Antibodies and Chemicals

POH1 antibody was purchased from Zymed. The FLAG (M2) antibody coupled to the protein G beads was purchased from Sigma. The anti c-myc monoclonal antibody (9E10) was purchased from Cell Signaling Technologies. Polyclonal Mitf antibody was generated by 21st century Biochemicals (Marlboro, Mass) using a peptide containing mouse Mitf amino acids 85-96. M-CSF and RANKL were purchased from R & D Systems (Minneapolis, MN) and used at 10 ng/mL (M-CSF) for bone marrow derived osteoclasts and 1 ng/mL for RAW 264.7c4 cells or 60 ng/mL (RANKL). MG132 was purchased from Sigma and used at 25 µM.
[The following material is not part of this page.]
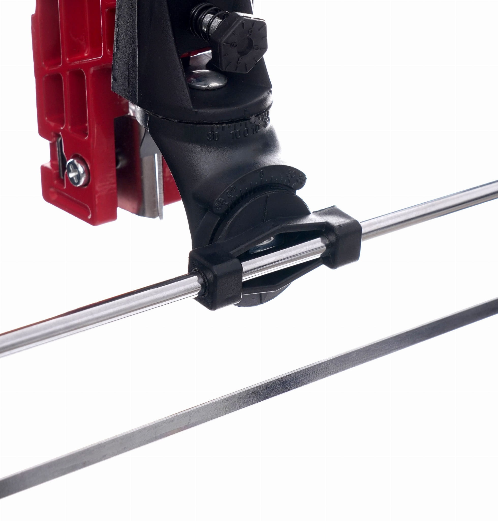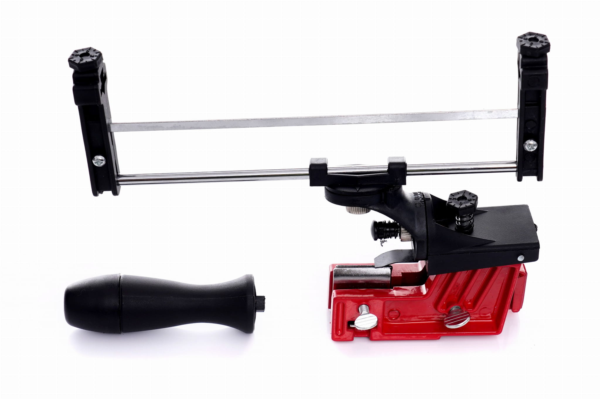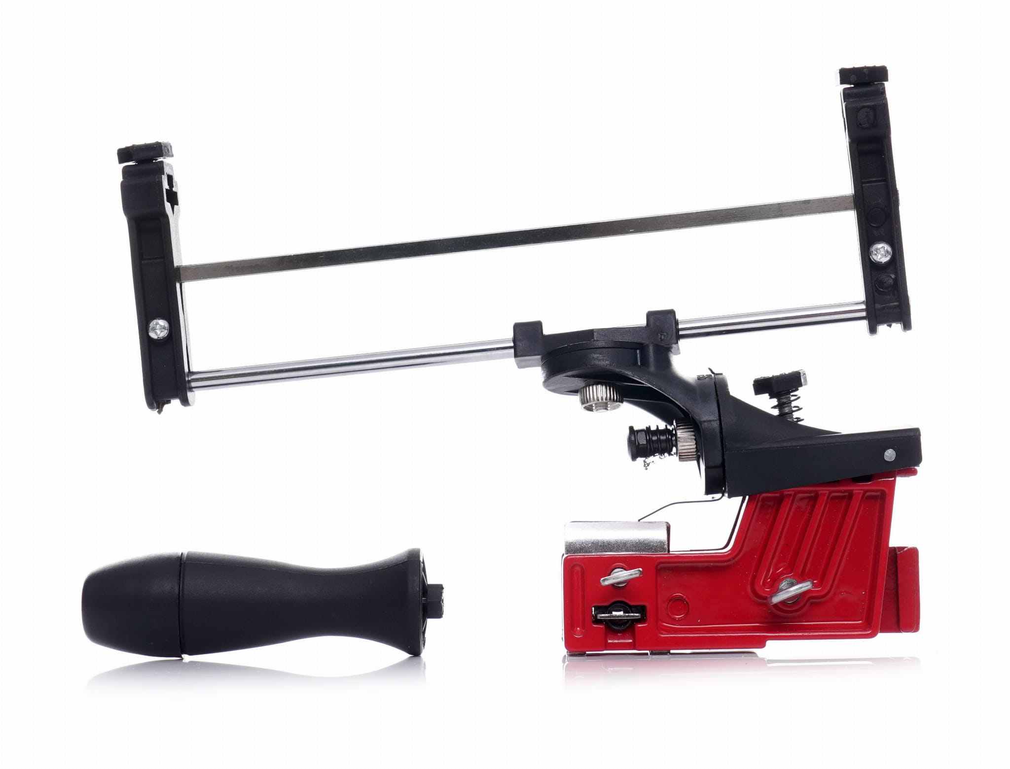Ostrzałka mocowana jest bezpośrednio na prowadnicy pilarki, co stabilizuje narzędzie względem łańcucha podczas ostrzenia. Eliminuje konieczność demontażu łańcucha i pracy na osobnym imadle.

Immunoprecipitation and Western Blotting

At 24 hours after transfection, the cells were harvested in NP-40 lysis buffer (20 mM Tris, pH 8.0, 137 mM NaCl, 10% glycerol, 1% NP-40 and protease and phosphatase inhibitors). Extracts were incubated with target antibody and Protein A/G beads (Pierce) overnight at 4°C. Next day immunoprecipitates were precipitated and washed three times in lysis buffer. The bound proteins were resuspended in sample buffer and resolved by SDS-PAGE. The resolved proteins were transferred to nitrocellulose membrane (BioRad), blocked and blotted in primary antibody overnight at 4°C. The next day the blot was incubated with horseradish peroxidase anti-rabbit or anti-mouse (GE Healthcare) for one hour at room temperature. Antibody binding was detected using ECL system (GE Healthcare). For the in situ ubiquitination assay, RAW 264.7 c4 cells were stimulated with M-CSF or M-CSF and RANKL for 48 hours. Cells were lysed and immunoprecipitated with Mitf antibody. Immunoprecipitates were resolved by SDS-PAGE and blotted with an anti-ubiquitin antibody (P4D1, Cell Signaling).

Plasmids and Mutagenesis

FLAG Mitf was previously described [Bronisz et al., 2006]. POH1 was kindly provided to us by Dr. Chris Norbury and previously described [Spataro et al., 1997]. The POH1 N-terminus (amino acids 1-180) and C-terminus (amino acids 181-311) were subcloned into CMV3a 3X-myc (Stratagene). POH1 single or double point mutations were generated by QuikChange method (Stratagene). HA-Ubiquitin plasmid was provided by Dr. Kylie Walters. All constructs were verified by DNA sequencing.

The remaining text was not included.